What is the power of your machine?
Music.  

-Sun Ra



Detroit is just under a four hour drive from Nep Sidhu’s hometown of Toronto. There is a musical continuum that resides along that geographical pathway that Sidhu has engaged for over twenty years as a function of his love for music and specifically the collaborative engagement that is inherent to the genre known as techno. On the occasion of his first solo exhibition in the United States, the multidisciplinary, Toronto-based artist chose the city of Detroit to continue his 10 plus year investigations into the architecture of divine formlessness and sonic potentialities as manifested through sound, poetry, textile, sculpture, and glyph. Paradox of Harmonics could have only happened in Detroit, a city that has consistently birthed and sustained internationally renowned musicians and entertainers.

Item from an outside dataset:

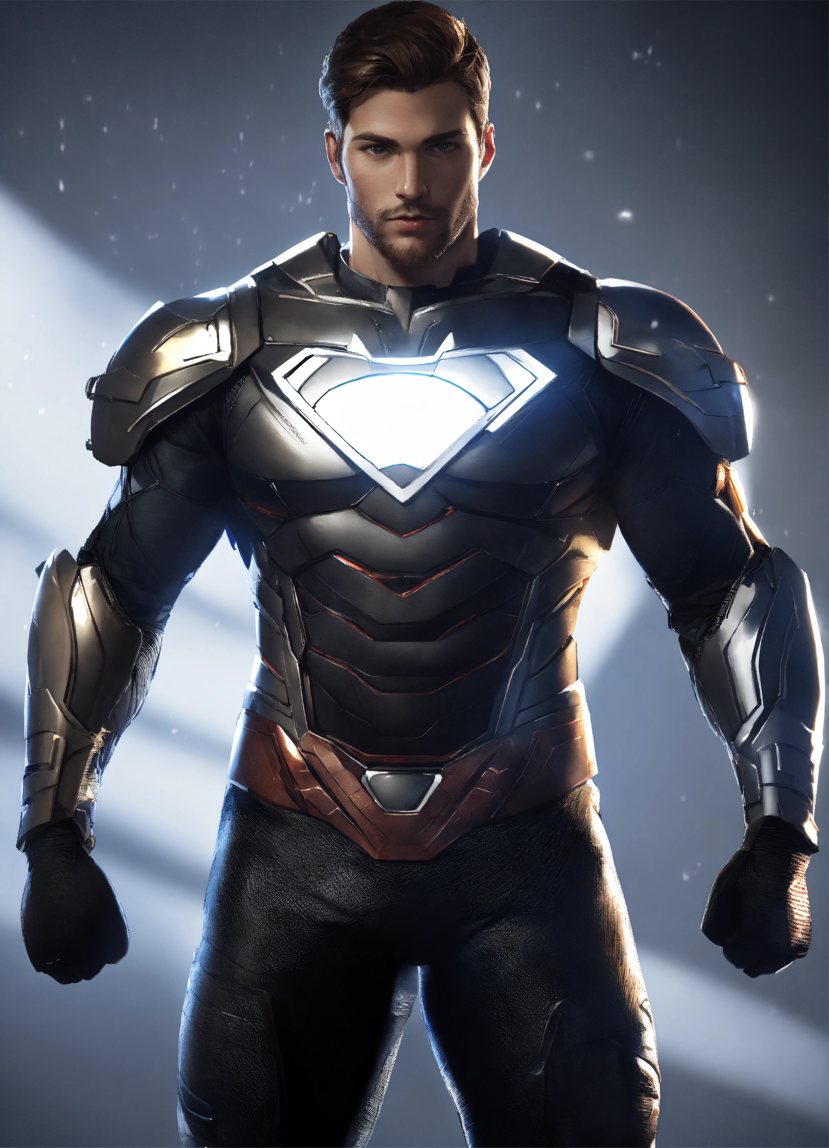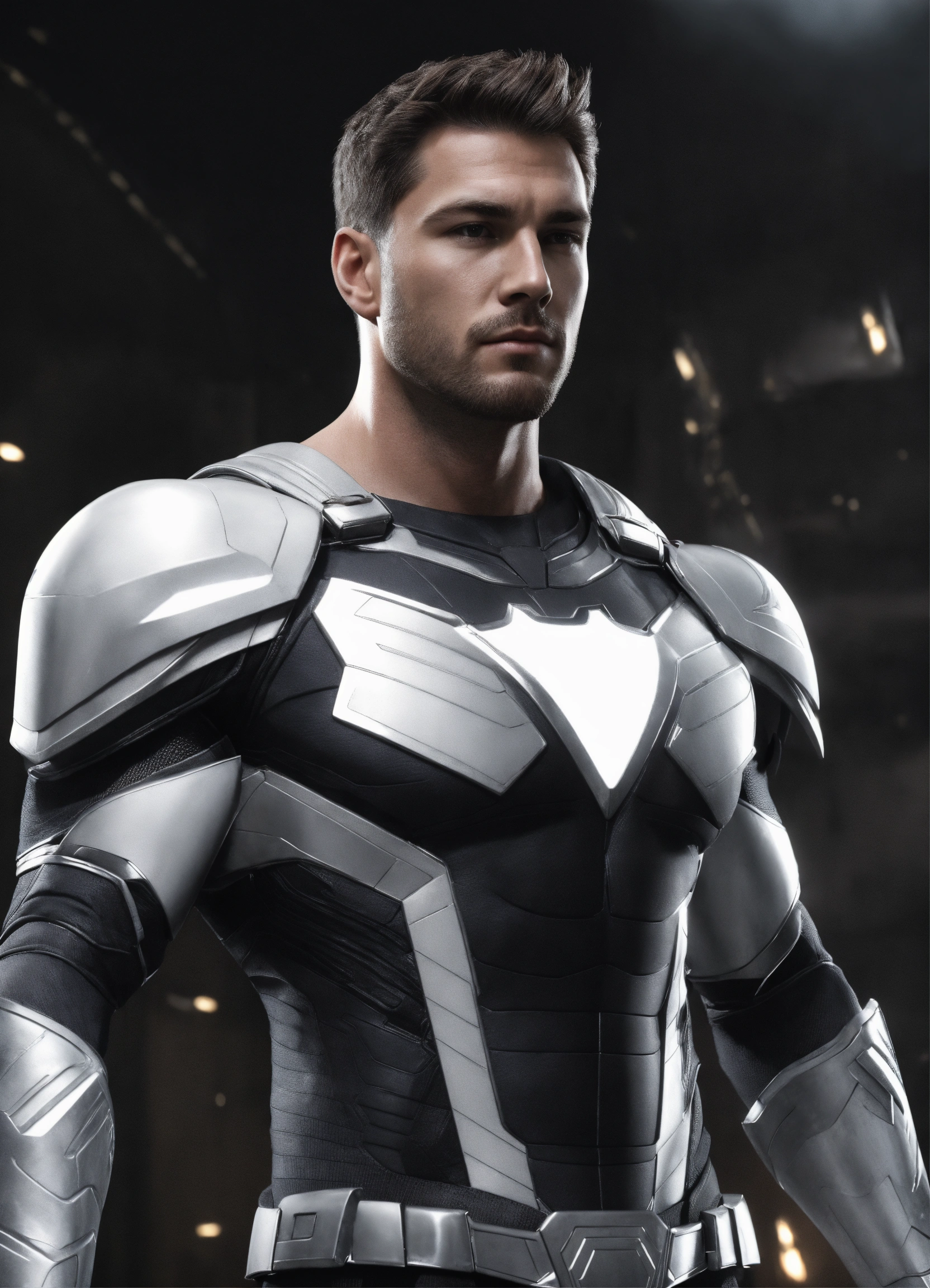 Superhero style, superhero, male, 4k, realistic, shown face, expressed face, detailed, full body shown, white man, superhero body, body with superhero armor, only one person, full body shown, showing whole body, without symbols on chest, armor black and white, no emblems, clear chest, 2 people, male and female, man, woman, male, female

Detroit is most well known for being the birthplace of Motown's first African-American music label, which was located in Detroit between 1959 and 1972. Detroit remained fertile ground for Black music and by the 1980s, with the emergence of the genre known as techno, groups such as The Belleville Three and Cybotron, and DJs like The Wizard (Jeff Mills), Mike Huckaby and his brother Craig Huckaby, and later Theo Parrish, and Waajeed, just to name a few, solidified and further leveraged the profile of the city nationally and internationally as a site for prolific and innovative music making.